> [WHAT YOU WILL DO] Please copy the entries below word for word, leaving out any image.

> [EXTRACTED ENTRIES]
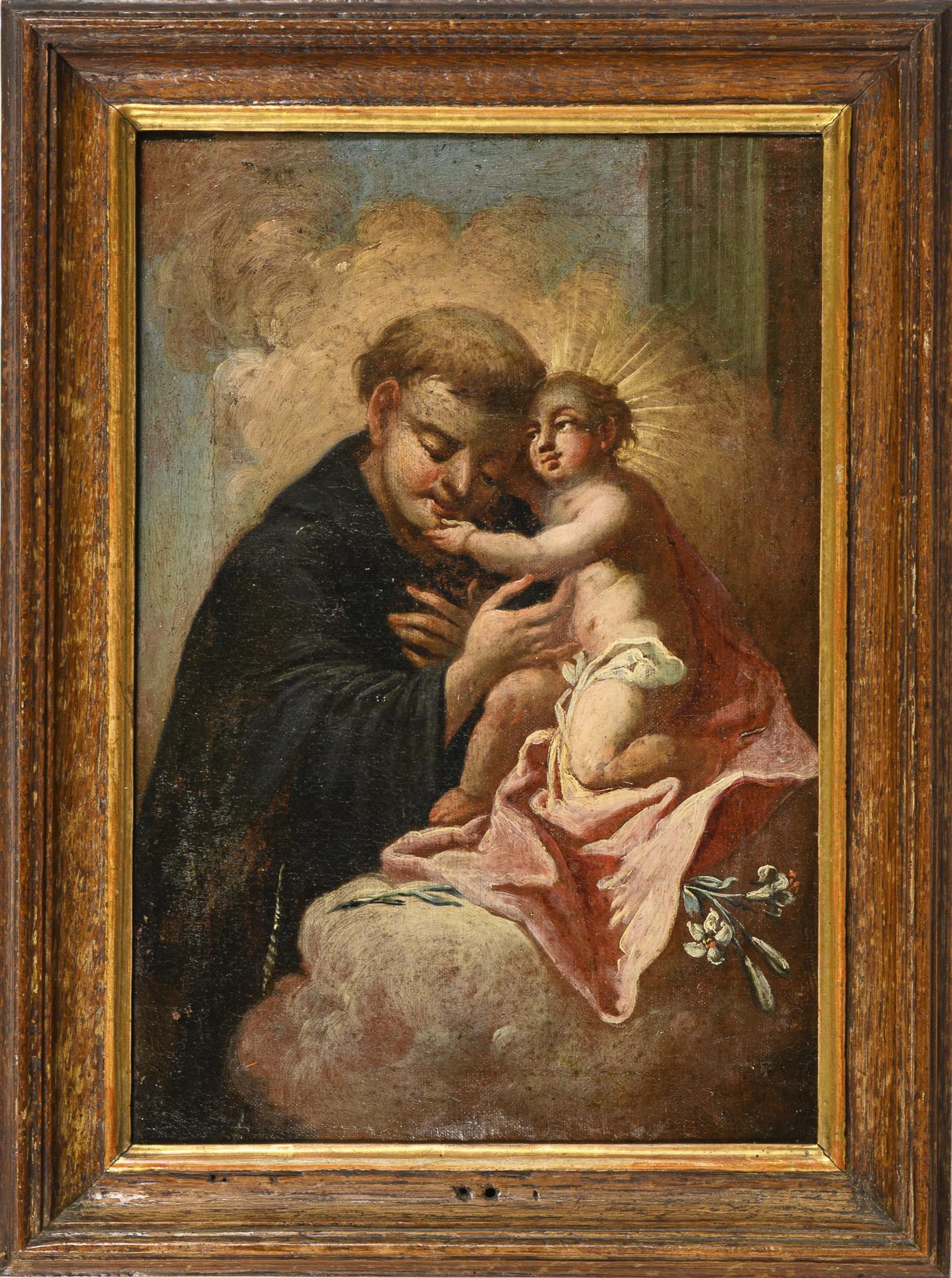 Der Heilige mit den Jesuskind auf einer heranschwebenden Wolke. Ein sehr kleiner Defekt.
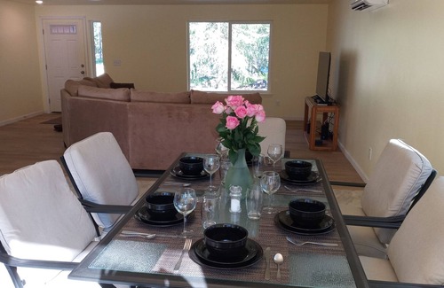 Snuggle in on ample couches with a TV and DVD player. Amenities include a full kitchen with granite countertops, dining room table for 6 guests, raised bar with bar stools, washer/dryer, and vinyl plank flooring throughout. The three bedrooms contain queen-size beds, and a twin AeroBed inflatable bed can be added to the Master bedroom for a 7th guest, or for those who prefer to sleep solo.
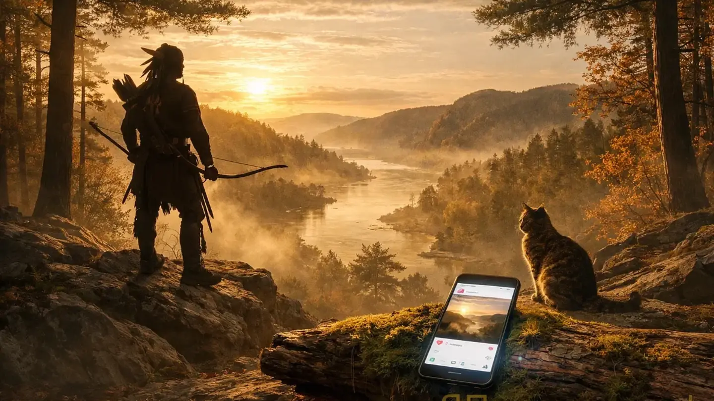 [фото: закат над лесом, огненное небо, силуэт воина на скале]
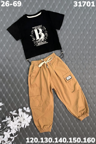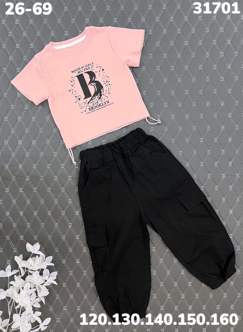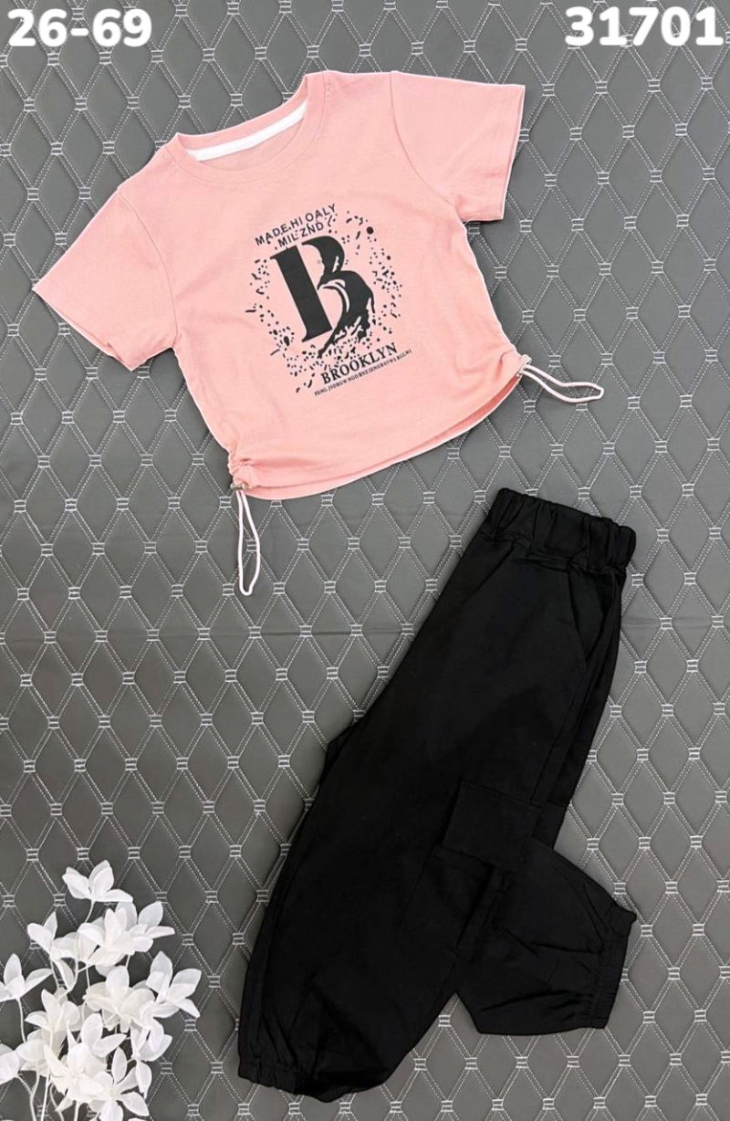 Комплект состоит из брюк и футболки, что создаёт комфорт в повседневной носке.
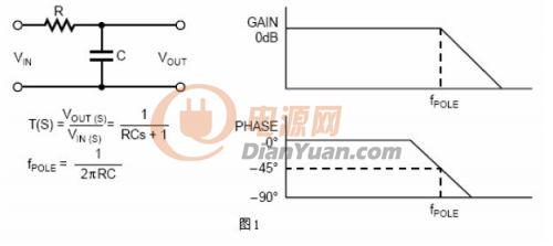 數學上,在傳輸方程式中,當分母為零時會產生一個極點。在圖形上,當增益以20dB每十倍頻的斜率開始遞減時,在博得圖上會產生一個極點。圖1舉例說明一個低通濾波器通常在系統中產生一個極點。其傳輸函數和博得圖也一并給出。

> [OUTPUT OF THE TASK]
 Der Heilige mit den Jesuskind auf einer heranschwebenden Wolke. Ein sehr kleiner Defekt.
 Snuggle in on ample couches with a TV and DVD player. Amenities include a full kitchen with granite countertops, dining room table for 6 guests, raised bar with bar stools, washer/dryer, and vinyl plank flooring throughout. The three bedrooms contain queen-size beds, and a twin AeroBed inflatable bed can be added to the Master bedroom for a 7th guest, or for those who prefer to sleep solo.
 [фото: закат над лесом, огненное небо, силуэт воина на скале]
 Комплект состоит из брюк и футболки, что создаёт комфорт в повседневной носке.
 數學上,在傳輸方程式中,當分母為零時會產生一個極點。在圖形上,當增益以20dB每十倍頻的斜率開始遞減時,在博得圖上會產生一個極點。圖1舉例說明一個低通濾波器通常在系統中產生一個極點。其傳輸函數和博得圖也一并給出。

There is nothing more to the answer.